No, this is not a good slasher nor a good movie. But it is a pretty good love letter from Wes Olsen to Wes Olsen. His character, who might I remind you is named "Brock Johnson," has his investigative prowess (which mostly involves guessing what typewriter is being used to create various notes) hyped up for twenty minutes, and when he finally arrives in a full-on cowboy entrance, he is described as young and handsome no fewer than three times, followed by a scene where he's described as a "sex fiend" and a "Don Juan" in the space of three seconds. He is like if Sherlock Holmes and James Bond had a shitty kid they sent to boarding school in America in the hopes that they could just forget about him. 

This suburban dad fantasy of being a cool, unflappable 29-year-old is an  intoxicating dose of heterosexual camp, and it is somewhat delightful to encounter. Unfortunately, it is buried in a film that is just too bad to be redeemed.


Killer: The Creeper (Dan Myers)
Final Girl: Jan Cooper (Sandy Schemmel), but this only matters because Brock Johnson saves her.
Best Kill: All the kills are uniformly shitty, but this movie has the guts to kill off a bratty kid, so I give them kudos for doing that I guess.
Sign of the Times: The Dark Side of Midnight has its own title power ballad.
Scariest Moment: Kathy returns to her room and can't quite remember if she turned the lights off before she left, but doesn't figure it out until it's too late.
Weirdest Moment: The chilling moment 25 minutes in at which point you realize just how many mustaches there are going to be in this movie.
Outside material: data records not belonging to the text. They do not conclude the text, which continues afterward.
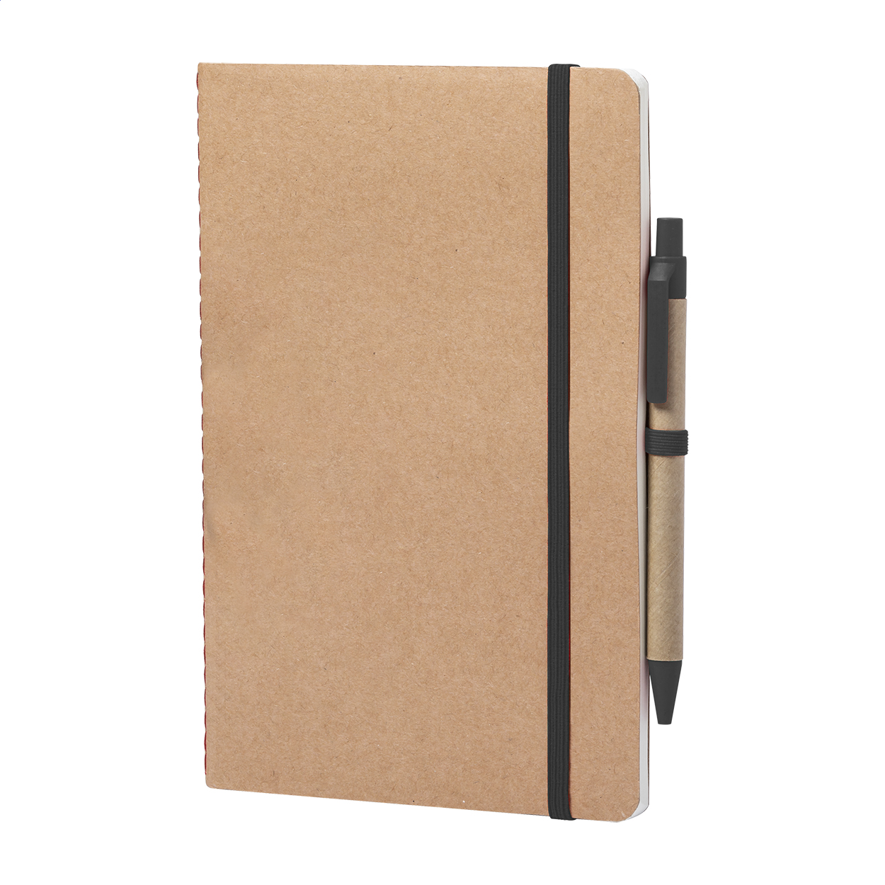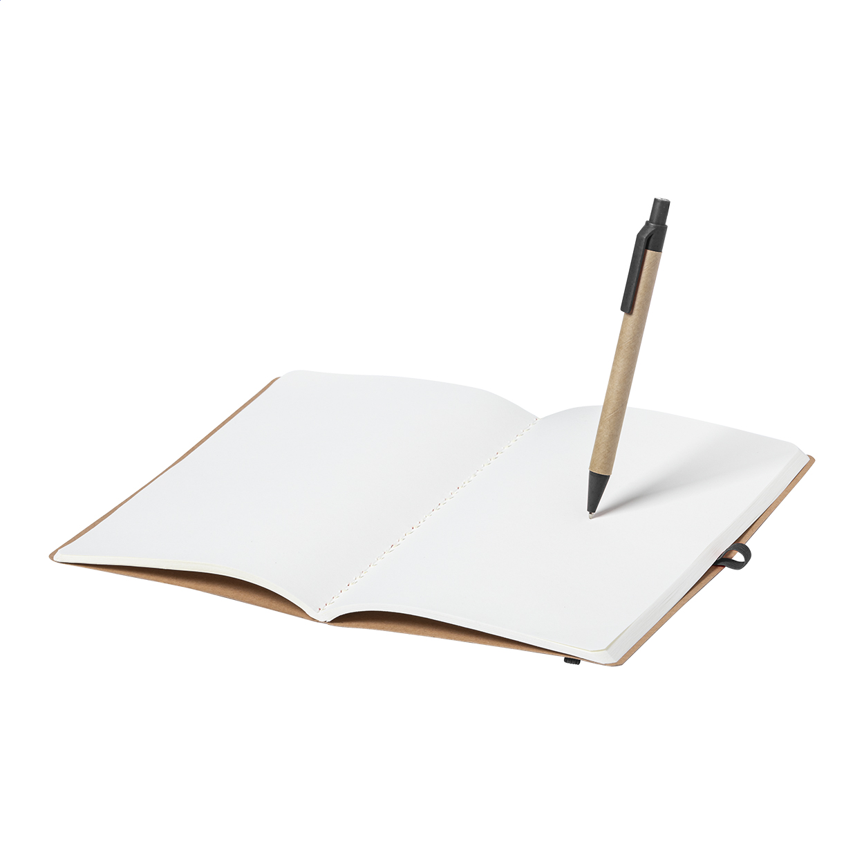 Zápisník formátu A5 z recyklovaného kartonu s 60 prázdnými listy a barevnou gumičkou na zavírání. Včetně kuličkového pera z plastu a pšeničné slámy. Modrá náplň.
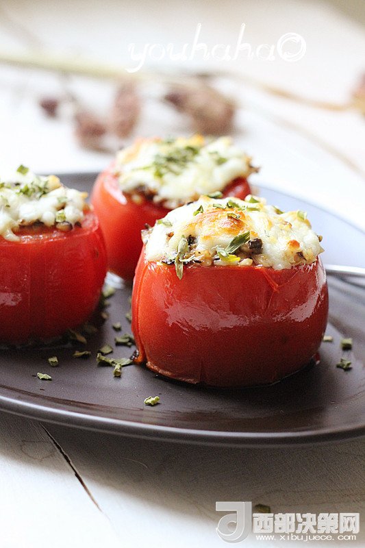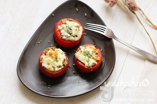 7、到時(shí)取出烤盤,西紅柿裝盤,撒少許的干蔥即可。
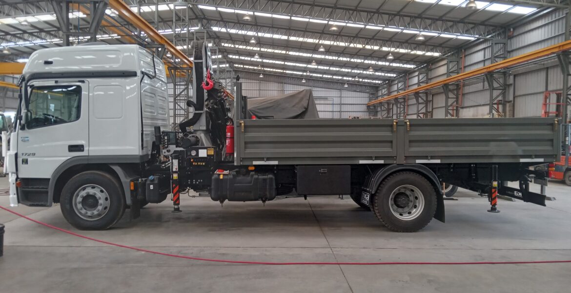 Instalación de Hidrogrúa TKA con patrón de cierre europeo y configuración 3H 2M sobre camión Mercedes Benz Atego 1729.
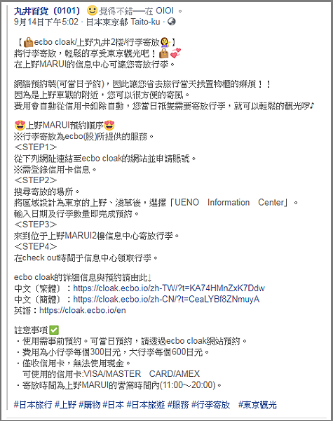 大家到國外玩一定會需要寄放行李的時候,這次到日本也不例外,最後一天要在上野車站附近找行李寄放,網路上有很多詳細的情報,提供置物櫃的位置、開放時間跟價格。不過大家都建議一定要提早去放行李,不然會快就會沒位置。已經做好心理準備要早起去搶置物櫃的時候,在滑手機的時候看到日本丸井百貨的貼文。
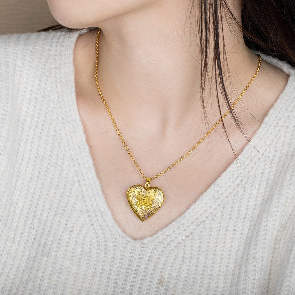 Feature: No Rust, Sturdy, Butterfly Heart Shaped, Photo Necklace
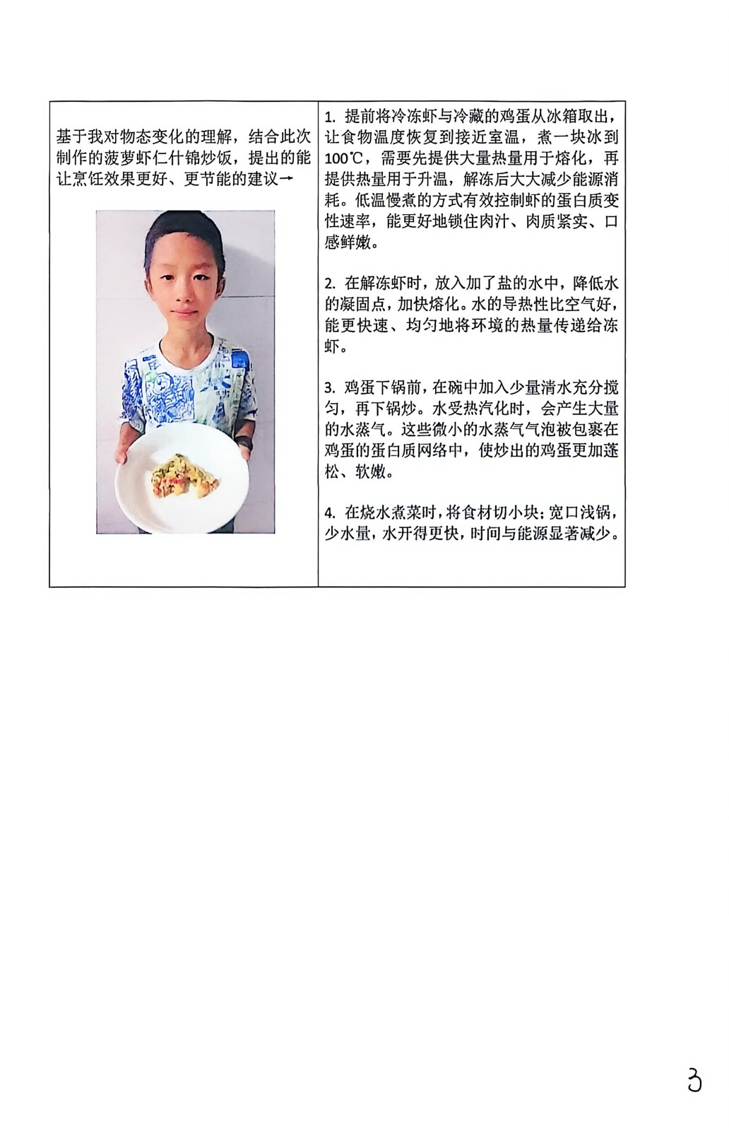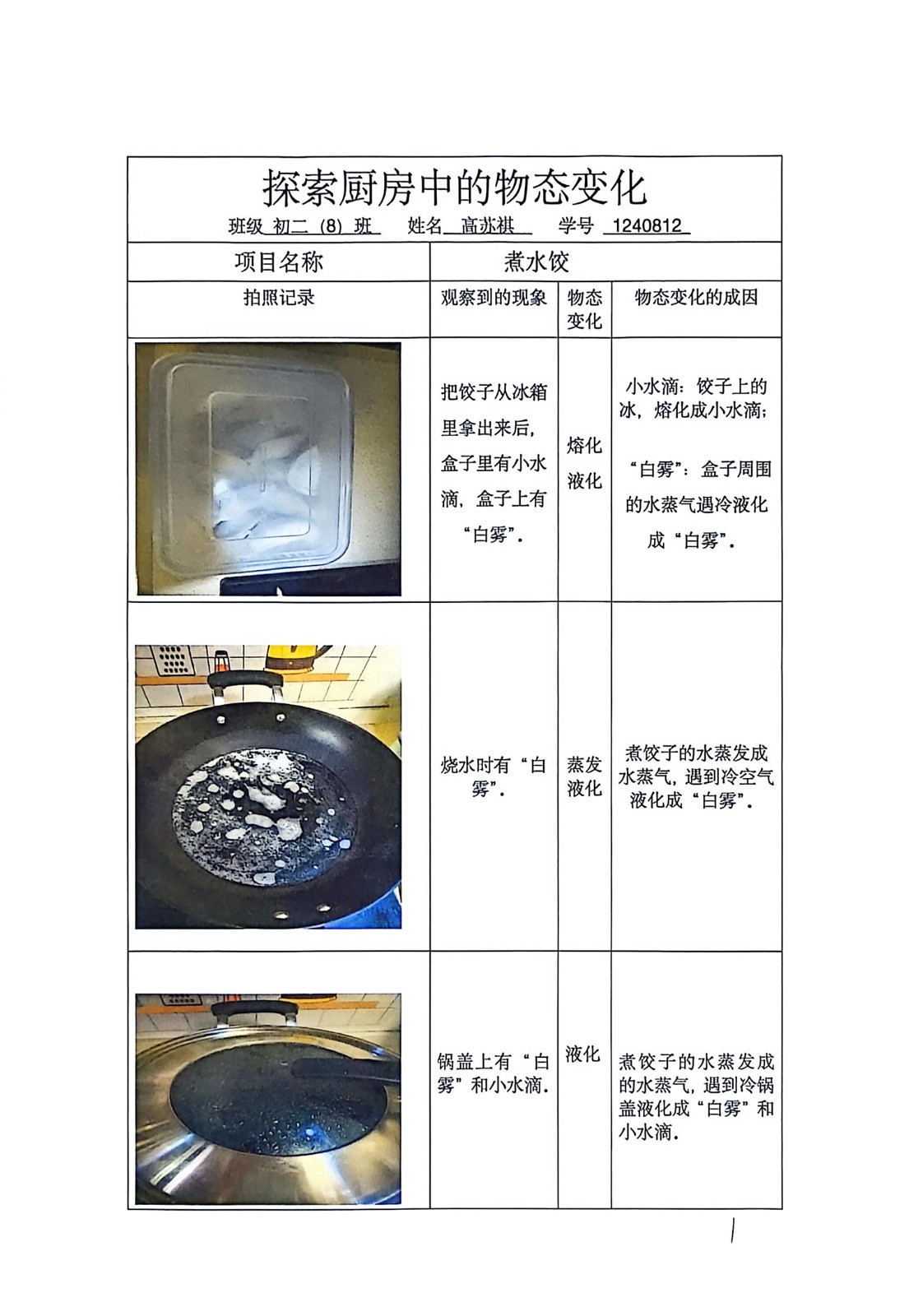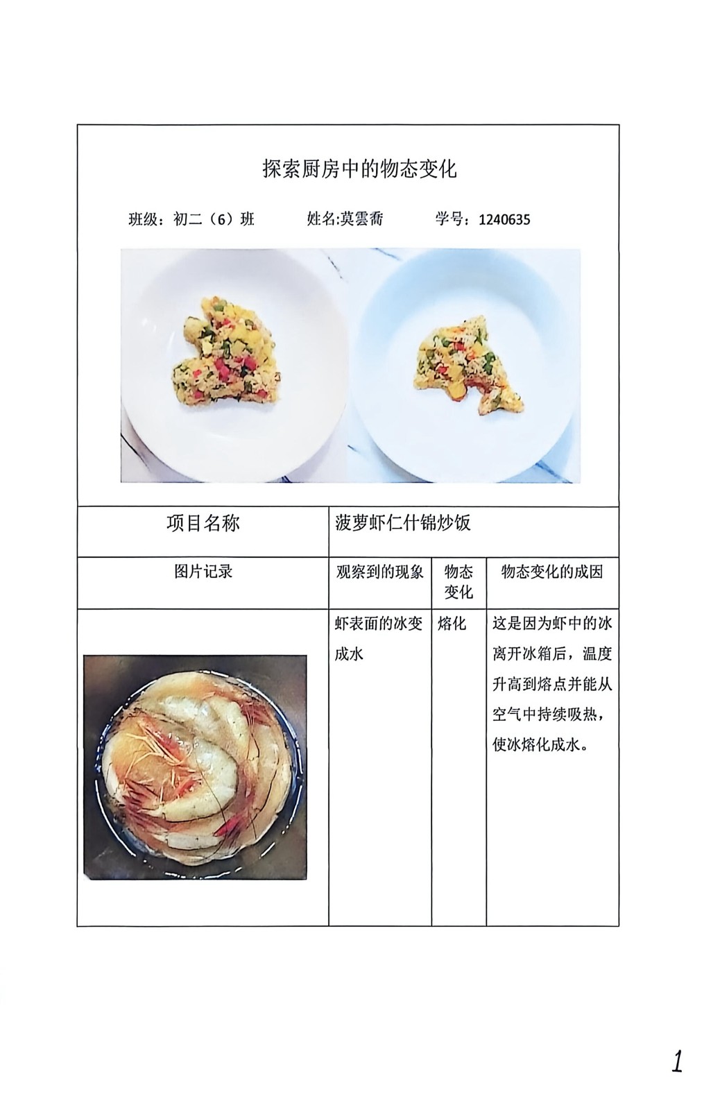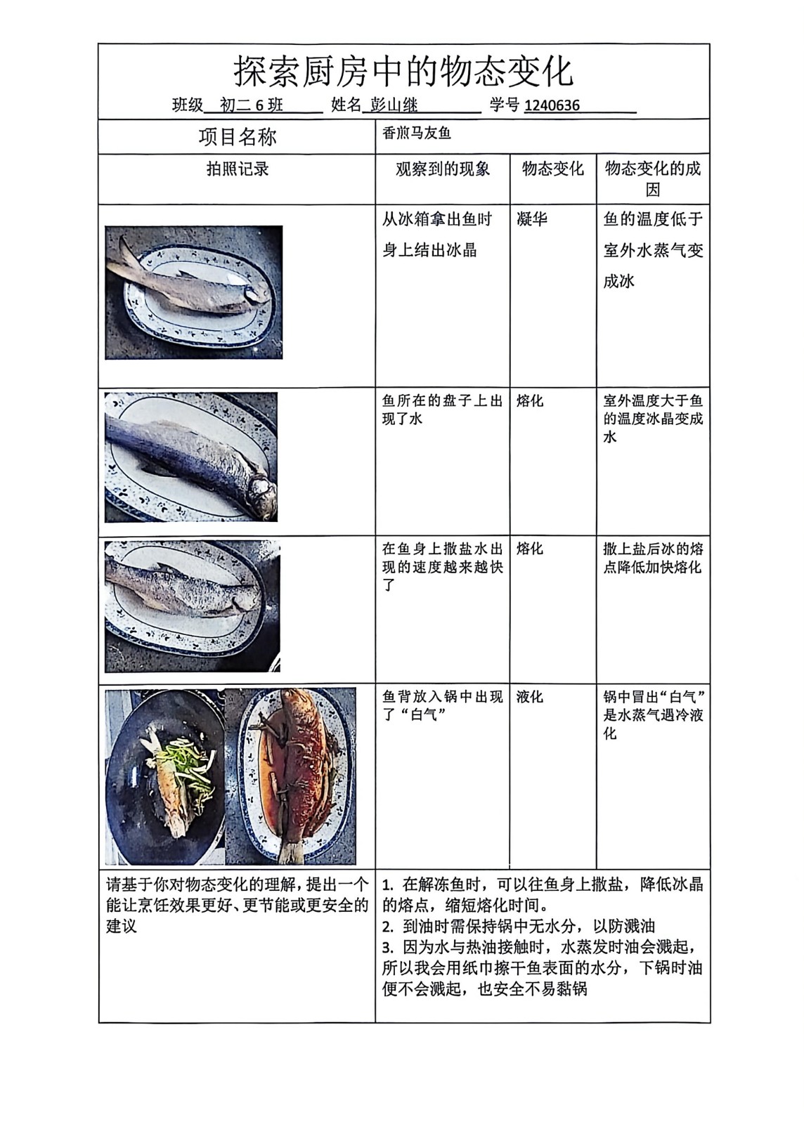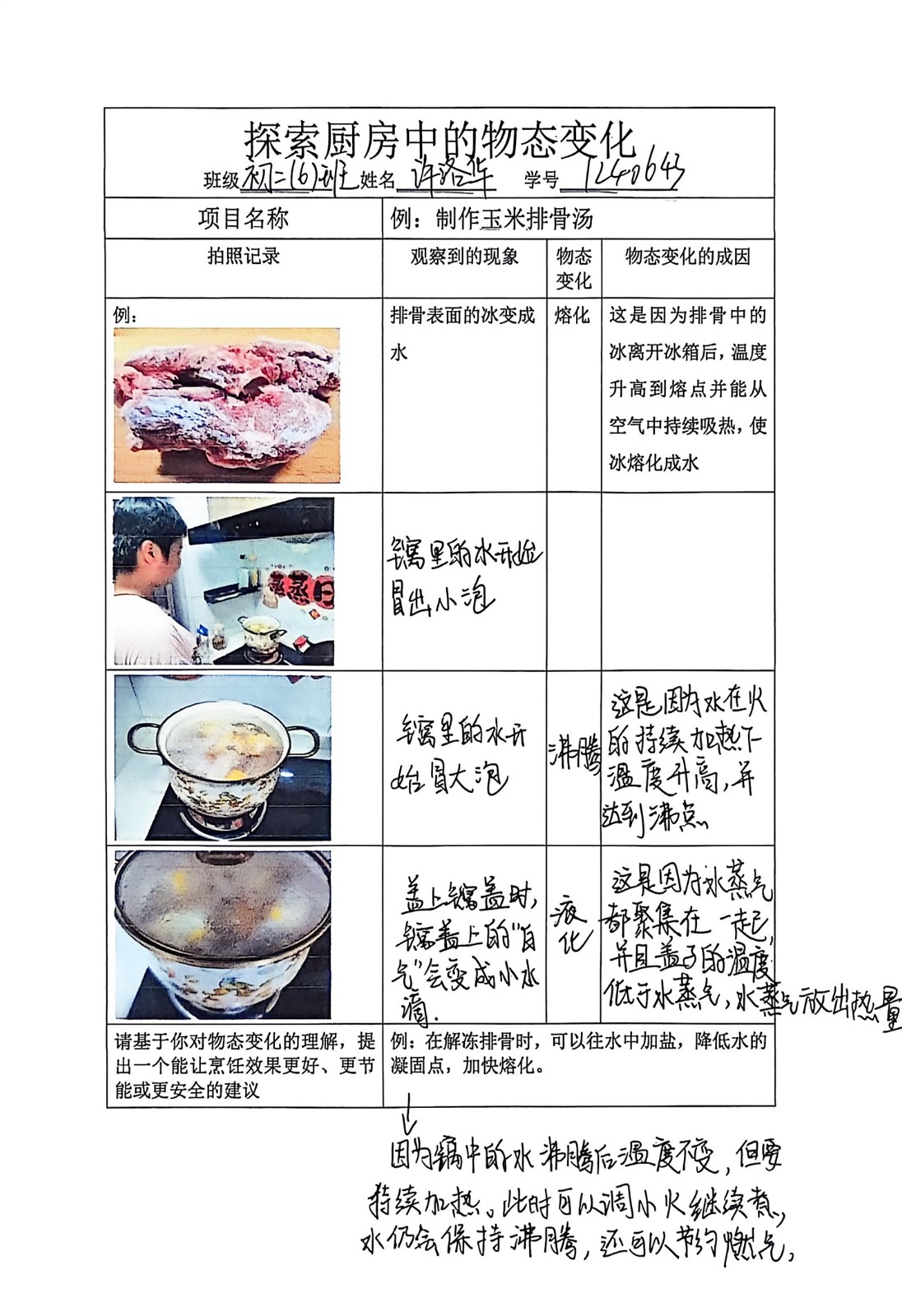近日,我校初二物理科组举办的一场以“跨学科实践:探索厨房中的物态变化”为主题的跨学科实践活动比赛圆满落幕。活动以家庭厨房为实践阵地,引导学生在烹饪的烟火气中观察物理现象,用镜头记录物态变化瞬间,以实践报告梳理知识脉络,让抽象的物理概念在生活场景中落地生根。

Champion Dialogue: "I've got about 45 minutes of work left on dinner, so we'll be eating soon."
Body Count: 6
  1. Kathy has her neck broken and skull crushed offscreen.
  2. Timmy has his throat slashed offscreen.
  3. April's Friend is garroted with rope.
  4. April is killed offscreen.
  5. Linda is killed offscreen.
  6. The Creeper dies in a house explosion.
TL;DR: The Dark Side of Midnight is one man's love letter to himself, and it's not our place to get between him and his object of affection.